Start of Data

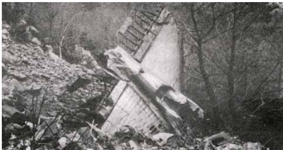
• Cua de l'avió accidentat l'any 1950, a a zona del Coll Forcat (Esquerda de la Bastida 1994)

Un avió bimotor d'hèlix, que pertanyia a
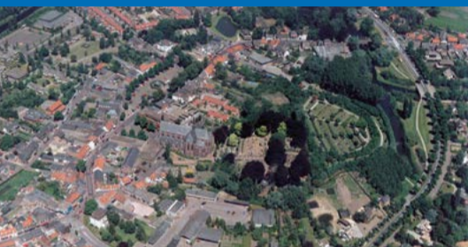
Centrum Sint-Oedenrode rond ca. 2000

Aanmelden: voor 1 december via a.w.de.beer@kpnplanet.nl
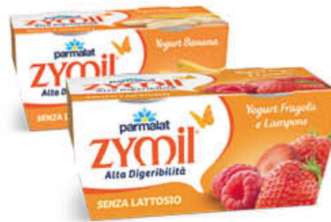
PARMALAT ZYMIL GUSTI ASSORTITI 115 GR X 2
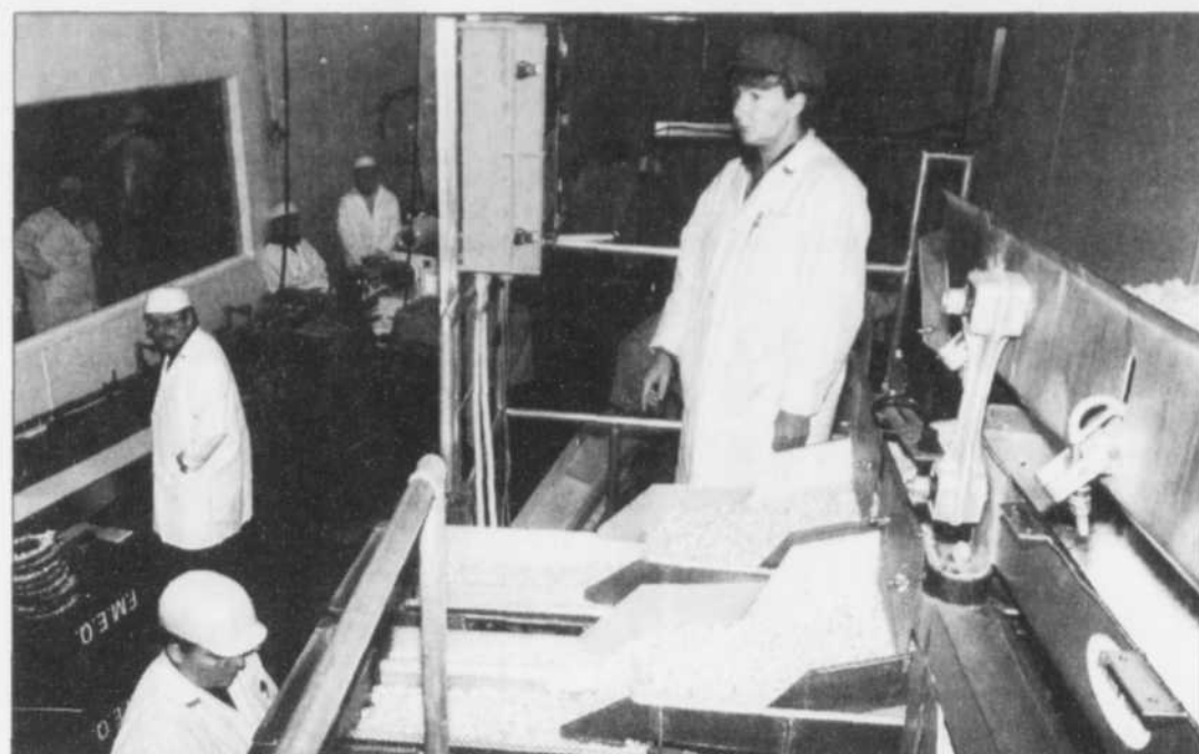
Installée à Matane depuis 1966, l'usine procure du travail à près de 200 personnes.
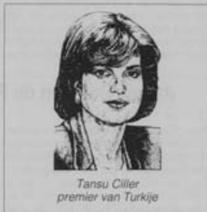
Tansu Çiller premier van Turkije

De schending van mensenrechten staat alleszins de economische samenwerking niet in de weg: in juli jl. verleende België aan Turkije een krediet van 5 miljoen dollar aan een lage intrestvoet (2 % over 15 jaar). De Belgische ambassadeur in Ankara, Eric Kobia, voegde daaraan toe dat "België de nodige steun zal verlenen om Turkije te integreren in de Europese Unie" (1).
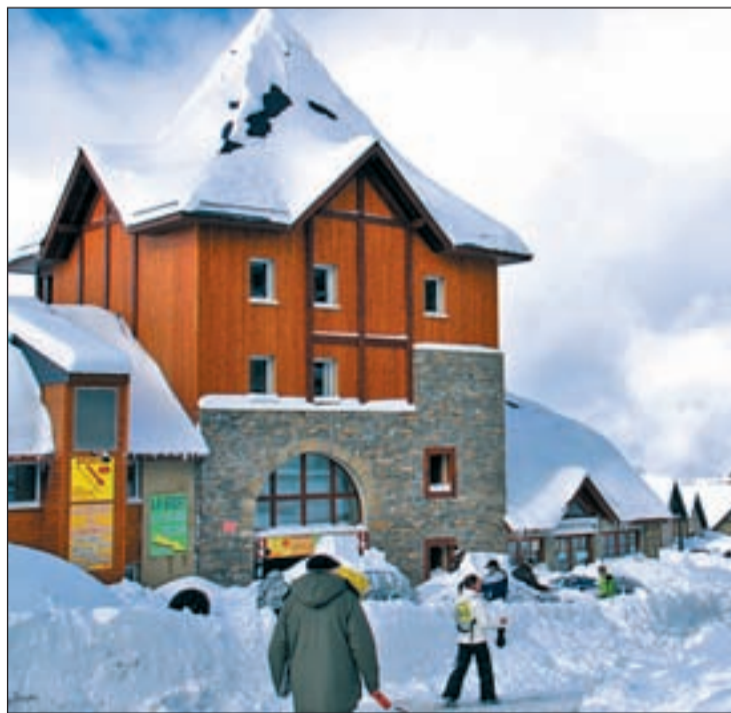
Los alojamientos familiares están muy demandados en Luz-Ardiden

El nivel de esquí que ofrecen las siete estaciones hace que los amantes del deporte blanco dispongan de trescientos treinta kilómetros en descenso, 229 pistas, 116 remontes y 677 cañones de nieve. Uno de los aspectos más atrayentes para los españoles hacia el sur de Francia son los precios y su relación con la calidad, aspectos que favorecen la
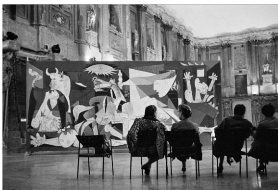
Foto de la sala del Guernica .

Los distintos espacios y recursos expositivos de la muestra descubren el contexto histórico de la época, así como las claves para entender la importancia y el significado del Guernica . La exposición incluye audiovisuales, reproducciones fotográficas y de carteles de la época, y facsímiles de documentos y dibujos que pretenden explicar la historia de la creación y los viajes de una de las obras más representativas del artista más importante del siglo xx.
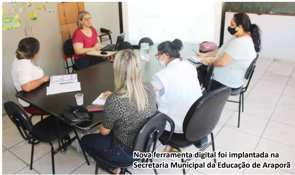
Nova ferramenta digital foi implantada na Secretaria Municipal da Educação de Araporã

O material pedagógico fica armazenado em nuvem e pode ser acessado pelo aluno e pelo professor a qualquer momento.
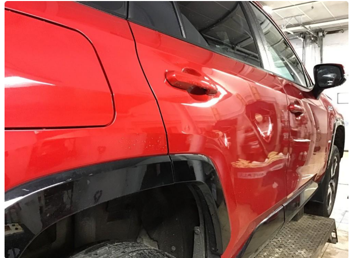
1.1 Liten p-bulk
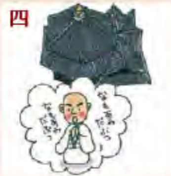
四 京都洛中の 六角堂(頂法寺)を 訪れ、100日間参籠
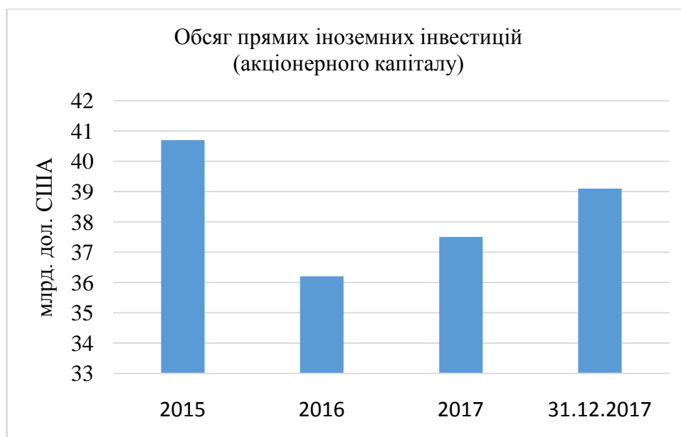
Рисунок 2. — Обсяг прямих іноземних інвестицій за 2015-2017 рр. в Україні (джерело: побудовано авторами на основі даних [6]).

Завдяки прямим іноземним інвестиціям відбувається позитивний вплив на економічний розвиток країни. А саме, відбувається ефективне використання ресурсів, що підвищує продуктивність факторів виробництва. Вони впливають на матеріальне виробництво, його розвиток, а також сферу надання послуг.
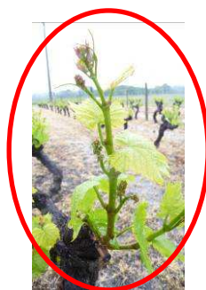
MB - 21/05/13
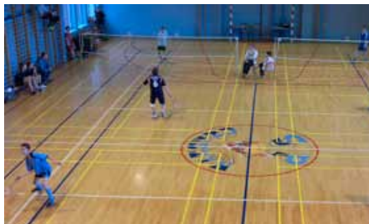
Obie badmintonowe imprezy w Czaszynie dostarczyły wielu sportowych emocji

Najlepszym potwierdzeniem tytułowej tezy są wyniki dwóch prestiżowych zawodów badmintonowych, które na przełomie listopada i grudnia br. odbyły się w hali sportowej Szkoły Podstawowej w Czaszynie.
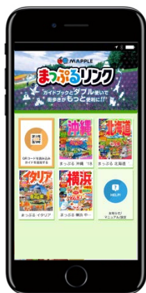
<「まっぷるリンク」TOP 画面>

この間広告等は一切出しておらず、店頭告知、自社媒体告知、口コミのみでの増加ということで、旅そのものに紙と電子書籍を組み合わせる使うスタイルが完全に定着してきたことがわかります。
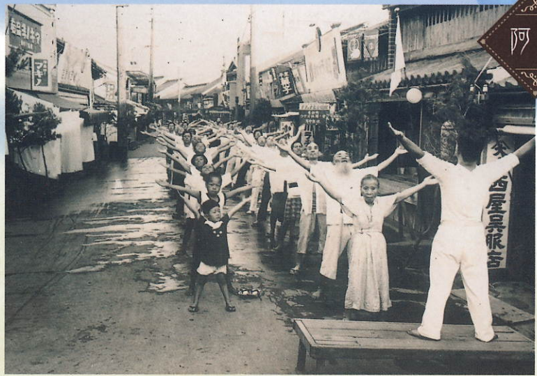
富岡町東新町ラジオ体操 昭和20年代(徳島の100年取材資料)
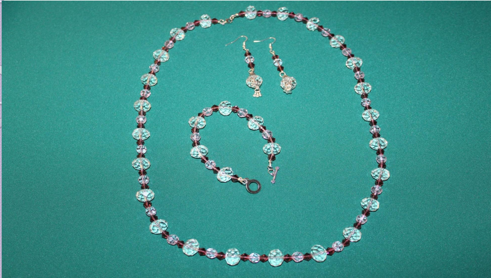
17. Бусы, браслет, серьги
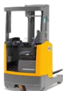
Tipus ETV 110/112 Elektromos tolóoszlopos targonca Max. emelési magasság 7100 mm Teherbírás max. 1200 kg
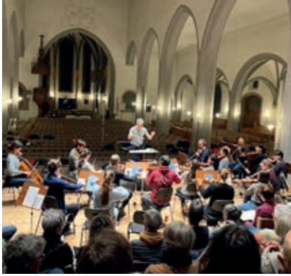
Blick auf den Chor und das Orchester mit Dirigent während der Probe in der Kirche St. Johann
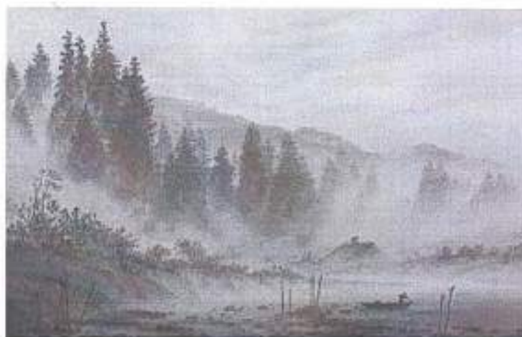
3. Каспар Давид Фридрих. Утро. 1820–1821

End of Data

**To do**
Exact copies of the entries above are needed, without their pictures.

**Response to this exercise**
• Cua de l'avió accidentat l'any 1950, a a zona del Coll Forcat (Esquerda de la Bastida 1994)

Un avió bimotor d'hèlix, que pertanyia a
Centrum Sint-Oedenrode rond ca. 2000

Aanmelden: voor 1 december via a.w.de.beer@kpnplanet.nl
PARMALAT ZYMIL GUSTI ASSORTITI 115 GR X 2
Installée à Matane depuis 1966, l'usine procure du travail à près de 200 personnes.
Tansu Çiller premier van Turkije

De schending van mensenrechten staat alleszins de economische samenwerking niet in de weg: in juli jl. verleende België aan Turkije een krediet van 5 miljoen dollar aan een lage intrestvoet (2 % over 15 jaar). De Belgische ambassadeur in Ankara, Eric Kobia, voegde daaraan toe dat "België de nodige steun zal verlenen om Turkije te integreren in de Europese Unie" (1).
Los alojamientos familiares están muy demandados en Luz-Ardiden

El nivel de esquí que ofrecen las siete estaciones hace que los amantes del deporte blanco dispongan de trescientos treinta kilómetros en descenso, 229 pistas, 116 remontes y 677 cañones de nieve. Uno de los aspectos más atrayentes para los españoles hacia el sur de Francia son los precios y su relación con la calidad, aspectos que favorecen la
Foto de la sala del Guernica .

Los distintos espacios y recursos expositivos de la muestra descubren el contexto histórico de la época, así como las claves para entender la importancia y el significado del Guernica . La exposición incluye audiovisuales, reproducciones fotográficas y de carteles de la época, y facsímiles de documentos y dibujos que pretenden explicar la historia de la creación y los viajes de una de las obras más representativas del artista más importante del siglo xx.
Nova ferramenta digital foi implantada na Secretaria Municipal da Educação de Araporã

O material pedagógico fica armazenado em nuvem e pode ser acessado pelo aluno e pelo professor a qualquer momento.
1.1 Liten p-bulk
四 京都洛中の 六角堂(頂法寺)を 訪れ、100日間参籠
Рисунок 2. — Обсяг прямих іноземних інвестицій за 2015-2017 рр. в Україні (джерело: побудовано авторами на основі даних [6]).

Завдяки прямим іноземним інвестиціям відбувається позитивний вплив на економічний розвиток країни. А саме, відбувається ефективне використання ресурсів, що підвищує продуктивність факторів виробництва. Вони впливають на матеріальне виробництво, його розвиток, а також сферу надання послуг.
MB - 21/05/13
Obie badmintonowe imprezy w Czaszynie dostarczyły wielu sportowych emocji

Najlepszym potwierdzeniem tytułowej tezy są wyniki dwóch prestiżowych zawodów badmintonowych, które na przełomie listopada i grudnia br. odbyły się w hali sportowej Szkoły Podstawowej w Czaszynie.
<「まっぷるリンク」TOP 画面>

この間広告等は一切出しておらず、店頭告知、自社媒体告知、口コミのみでの増加ということで、旅そのものに紙と電子書籍を組み合わせる使うスタイルが完全に定着してきたことがわかります。
富岡町東新町ラジオ体操 昭和20年代(徳島の100年取材資料)
17. Бусы, браслет, серьги
Tipus ETV 110/112 Elektromos tolóoszlopos targonca Max. emelési magasság 7100 mm Teherbírás max. 1200 kg
Blick auf den Chor und das Orchester mit Dirigent während der Probe in der Kirche St. Johann
3. Каспар Давид Фридрих. Утро. 1820–1821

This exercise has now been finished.